The `loc` method in Pandas allows you to access DataFrame data using labels or boolean array-based indexing. It's particularly useful for selecting rows and columns based on customized labels or names. This method provides flexibility and intuition in retrieving specific data [Molin and Jee, 2021, Pandas Developers, 2023].
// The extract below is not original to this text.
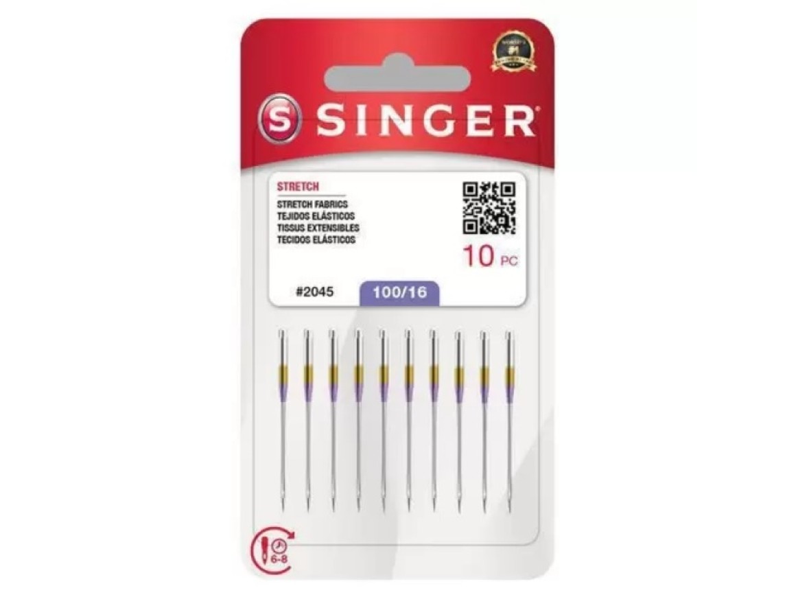 Agulha de Maquina Singer 2045 especial nº16 Agulha Equivalente: 130/705H-S Tipo de ponta: Bola pequena (06 LB) Embalagens: Blister com 10 agulhas Diâmetros: 100/16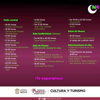 Culturales, resaltó cuál es el objetivo de las noches de Museos; “la intención es que los 27 museos que forman parte de la red de museos del Valle de Toluca abran sus puertas el tercer viernes de cada mes, una vez museo y que se tengan estas programaciones especiales y con ellos que las personas se pueden relacionar con el arte y la

The syntax for using `loc` is:

```python
df.loc[row_indexer, column_indexer]
```

- `row_indexer`: Specifies the row labels to select, which can be a single label, a list of labels, a slice, or a boolean array.

- `column_indexer`: Specifies the column labels to select, with similar indexing options.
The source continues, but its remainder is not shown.